No son en absoluto edificantes las conductas cometidas en febrero y abril del año pasado contra funcionarios mexiquenses por activistas del Frente de pueblos en defensa de la tierra, de San Salvador Atenco. Merecen reproche penal, porque en efecto retuvieron, en uno de los casos por dos días, a personas a las que además, según la acusación, vejaron y amagaron de muerte.
El 8 de febrero de 2006 el subdirector de Gobernación del Estado de México con sede en Texcoco, Rosendo Rebolledo Montiel, encaró una protesta de activistas atenquenses que reclamaban la libertad de un ejidatario, preso por haber dividido su parcela sin autorización de la asamblea ejidal. Cuando la inicial acusación se desmoronó, para mantenerlo en prisión se le acusó de haber violado a su propia hijastra. Al parecer las denuncias carecían de fundamento porque no se le inició proceso por ninguna de ellas. Pero mientras se definía su situación legal, los activistas pretendieron obtener por la fuerza la libertad del ejidatario reteniendo a Rebolledo Montiel, quien permaneció cautivo 48 horas, aunque sin ser maltratado según su propio dicho. Conforme a la acusación contra quienes lo privaron de su libertad, se le habría llevado atado a una plaza donde fue vejado. En aquel momento, sin embargo, la situación habría concluido hasta con un apretón de manos entre el funcionario dejado en libertad y los líderes que lo retuvieron.
Dos meses después, el 6 de abril, esos activistas esperaban la llegada del secretario de Educación del estado, Isidro Muñoz, que se había comprometido a atender peticiones locales, sobre el mal estado de la primaria municipal y para construir una para discapacitados, llamada Papalotl, así como otros apoyos a los servicios educativos.
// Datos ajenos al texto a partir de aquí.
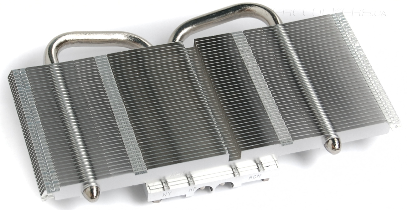 Трубки уложены в желобки массивного алюминиевого основания. Изгибаясь, они пронизывают ряд тонких пластин.

El secretario no acudió y envió en su lugar a sus colaboradores Antonio Palma, Jesús Zimbrón, Maclovio Zurita, Israel Malpica y Cristóbal Reyes quienes, ya fuera porque estaban incapacitados para tomar decisiones, o porque se cebó en ellos el despecho de los pobladores plantados por el funcionario superior, fueron retenidos en el auditorio durante un largo tiempo, en que los propios activistas tampoco salieron del lugar. La irritación de los pobladores los condujo a atar cohetes a la cintura de los servidores públicos, para preservarse de un ataque de los granaderos que rodeaban el auditorio. La concertación de una nueva cita con el secretario puso fin al episodio.
Se trata de conductas que nadie puede cohonestar, porque ni siquiera se practicaron al cabo de procesos fallidos de interlocución en que no quedara a los reclamantes más que ejercer presión extrema (caso en el que, por supuesto, tampoco son condonables ni las retenciones ni la vejación y amagos). Pero sin duda tampoco son merecedoras de sentencias de prisión como si se tratara de secuestros, por más que la legislación penal mexiquense los equipare a ese género de privaciones de la libertad. El secuestro propiamente dicho es un delito que necesariamente requiere deliberación y al cometerse inflige a las víctimas, el secuestrado y los suyos, daños colaterales, como la mutilación que en ocasiones se practica para presionar por el pago del rescate o para que no se informe a la Policía, amén de la terrible angustia que provoca la impotencia y la certidumbre de estar en manos de individuos que carecen de límites en su actuación.
Ninguna de estas circunstancias se presenta en el secuestro equiparado, salvo la retención forzada, que no se prolonga más allá de dos días en uno de los casos a los que me refiero. Y sin embargo, el juez primero penal del fuero común condenó a dirigentes de los activistas que ejecutaron tales retenciones -Ignacio del Valle, Héctor Galindo, Felipe Álvarez- a 33 años con ocho meses por cada uno de los actos, de modo que se les sentencia a más de 67 años a cada quien, lo que equivale a una prisión perpetua.
Al contrario de lo que se opinó un año atrás, razón por la que se recluyó a esos dirigentes en el penal de alta seguridad de La Palma, llamado hoy del Altiplano, la sentencia no encontró que fueran de alta peligrosidad (por lo que deberían volver al penal local de Santiaguito donde estuvieron presos unos cuantos días en mayo pasado). Con base en ese razonamiento la sentencia fue considerada benigna, pues se fijó una sanción cercana al límite inferior previsto en la Ley (que castiga el secuestro equiparado con penas de entre treinta y sesenta años de prisión).
No son estrictamente comparables, porque se trata de instancias judiciales diferentes y de procesos no asimilables, pero denuncia el carácter represivo de la lucha social que implican las sentencias contra Del Valle, Álvarez y Galindo otras referidas a delitos causantes de graves perjuicios sociales. Daniel Arizmendi, apodado “El mochaorejas”, ha estado sujeto a varios procesos, en uno de los cuales se le sentenció a cuarenta años de prisión, aunque la condena no implica secuestro solamente sino delincuencia organizada y uso de armas reservadas al Ejército. Algunos de sus cómplices han recibido sentencias por 26 años de prisión, que se antojan benévolas dadas las prácticas en que incurrían los miembros de esta banda, que se evidencia en el mote de su jefe.
Del Valle, Galindo y Álvarez pueden ser sentenciados a mayor prisión porque se les acusa de delitos cometidos el 3 de mayo de 2006, que ostensiblemente no cometieron porque estaban rodeados por la Policía en una casa de Texcoco y allí fueron capturados.